Oil major BP's failure to maintain pipelines properly at its giant Prudhoe Bay field was a major factor behind Alaska's worst-ever onshore crude spill last year, a senior federal official said.
A year into an investigation of the spill, the U.S. Department of Transport continues to focus on BP's upkeep of facilities at the nation's biggest field as it awaits the final results of laboratory analysis on the corroded pipeline.
"The fundamental issue with these lines was that they were not properly maintained," Thomas Barrett, head of the DOT's pipeline safety office, told Reuters in an interview late on Friday.
"BP didn't understand the condition of the lines and they deteriorated from corrosion and then had failures."
Last March, workers discovered a corroded oil transit pipeline at the Prudhoe Bay field had leaked undetected for several days, spilling at least 200,000 gallons of crude onto the northern state's tundra.
The spill added to BP's troubles in the United States where a string of accidents and accusations of market manipulation damaged its carefully constructed image as a progressive energy company.
The discovery of further corrosion in another Prudhoe Bay transit pipeline in August sparked multiple investigations and led federal and state politicians to accuse BP of negligence.
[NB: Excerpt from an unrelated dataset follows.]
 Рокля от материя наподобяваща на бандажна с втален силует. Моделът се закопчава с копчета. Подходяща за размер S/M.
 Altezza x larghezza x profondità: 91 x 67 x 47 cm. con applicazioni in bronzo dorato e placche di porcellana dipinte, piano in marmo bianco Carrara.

"What was most unusual was to have an operator like BP not maintaining (these pipelines) to the standards we typically see in the industry," said Barrett.
Various state and federal civil and criminal investigations have so far not led to any fines or charges against BP. State and federal authorities may decide to file charges after the laboratory analysis of the corroded pipeline is completed in the spring.
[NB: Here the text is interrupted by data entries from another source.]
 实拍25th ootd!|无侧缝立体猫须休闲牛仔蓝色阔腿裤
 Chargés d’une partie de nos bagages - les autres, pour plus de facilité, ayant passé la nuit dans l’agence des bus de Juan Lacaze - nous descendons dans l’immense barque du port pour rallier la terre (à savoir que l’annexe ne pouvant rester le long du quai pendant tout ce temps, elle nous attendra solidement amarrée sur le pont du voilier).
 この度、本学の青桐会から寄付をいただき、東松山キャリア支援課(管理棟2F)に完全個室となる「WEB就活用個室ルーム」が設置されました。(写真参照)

Barrett contends that BP's failure to use internal cleaning and inspection tools inside the lines, a standard industry practice, allowed corrosion to build up undetected.
BP said late on Monday that its corrosion and leak detection program met or exceeded what was required under Alaskan law and that its own inspections indicated the integrity of the lines was satisfactory.
While DOT investigators await the final results of lab tests on the pipeline, early indications are that water accumulated in pipeline, causing the corrosion, Barrett said.
Accumulated sediment as well as microbial corrosion also appear to be factors.
"The fact that the lines were not being regularly cleaned allowed the moisture to get in there and work against the metal," said Barrett.
BP noted an appreciable buildup of sediment in an eastern segment of the line as early as 2002, but Alaska regulators accepted the company's argument that cleaning it was "impractical."
The segment was found to be seriously corroded and leaking small amounts of oil in August of last year following a government-ordered inspection, which forced the partial shutdown of Prudhoe Bay for two months.
Following the discovery of the corrosion problems on the eastern transit pipelines, BP promised to replace the entire system amid an uproar from environmentalists and politicians.
The company began work on the replacement project with the onset of winter in Alaska and expects to have rebuilt the entire Prudhoe Bay oil transit system by the end of 2008.
Barrett said he was satisfied with the project even though it was taking longer than had originally thought, since the redesign was going to make inspecting and maintaining the pipeline much easier.